We are constantly fed a version of AI that looks, sounds and acts suspiciously like us. It speaks in polished sentences, mimics emotions, expresses curiosity, claims to feel compassion, even dabbles in what it calls creativity.

But what we call AI today is nothing more than a statistical machine: a digital parrot regurgitating patterns mined from oceans of human data (the situation hasn’t changed much since it was discussed here five years ago). When it writes an answer to a question, it literally just guesses which letter and word will come next in a sequence – based on the data it’s been trained on.

This means AI has no understanding. No consciousness. No knowledge in any real, human sense. Just pure probability-driven, engineered brilliance — nothing more, and nothing less.

So why is a real “thinking” AI likely impossible? Because it’s bodiless. It has no senses, no flesh, no nerves, no pain, no pleasure. It doesn’t hunger, desire or fear.
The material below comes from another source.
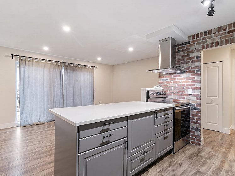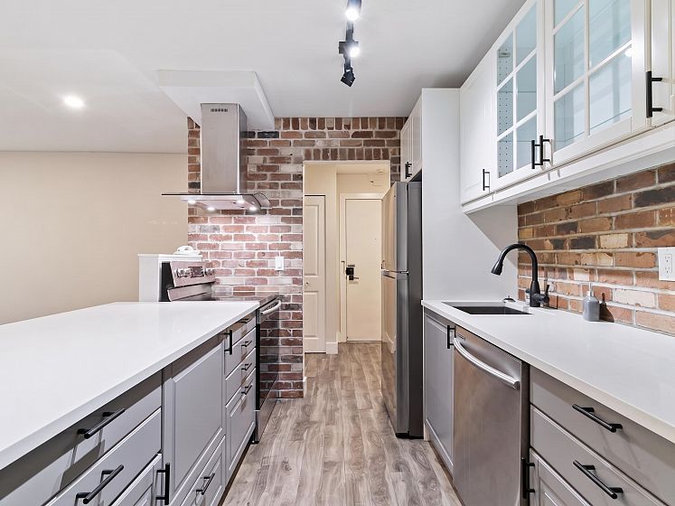 Step into this beautifully renovated 1 bed, 1 bath home in vibrant Hastings Sunrise. This 521 sqft residence features a rare 200 sqft private south-facing patio—perfect for relaxing and entertaining. The open-concept layout showcases a brand-new gourmet kitchen with island, stainless steel appliances, and exposed brick. Floor-to-ceiling windows fill the space with natural light, complemented by warm modern flooring. The bedroom offers a stylish barn door, walk-in closet, and cheater ensuite. Located steps to Commercial Drive, breweries, parks, and transit. Recent building improvements include, new balconies, windows, doors, renovated lobby, new roof and underground parking garage membrane improvements. Includes 1 parking and storage. OPEN HOUSE Saturday April 25th from 2pm to 4pm

And because there is no cognition — not a shred — there’s a fundamental gap between the data it consumes (data born out of human feelings and experience) and what it can do with them.

Philosopher David Chalmers calls the mysterious mechanism underlying the relationship between our physical body and consciousness the “hard problem of consciousness”. Eminent scientists have recently hypothesised that consciousness actually emerges from the integration of internal, mental states with sensory representations (such as changes in heart rate, sweating and much more).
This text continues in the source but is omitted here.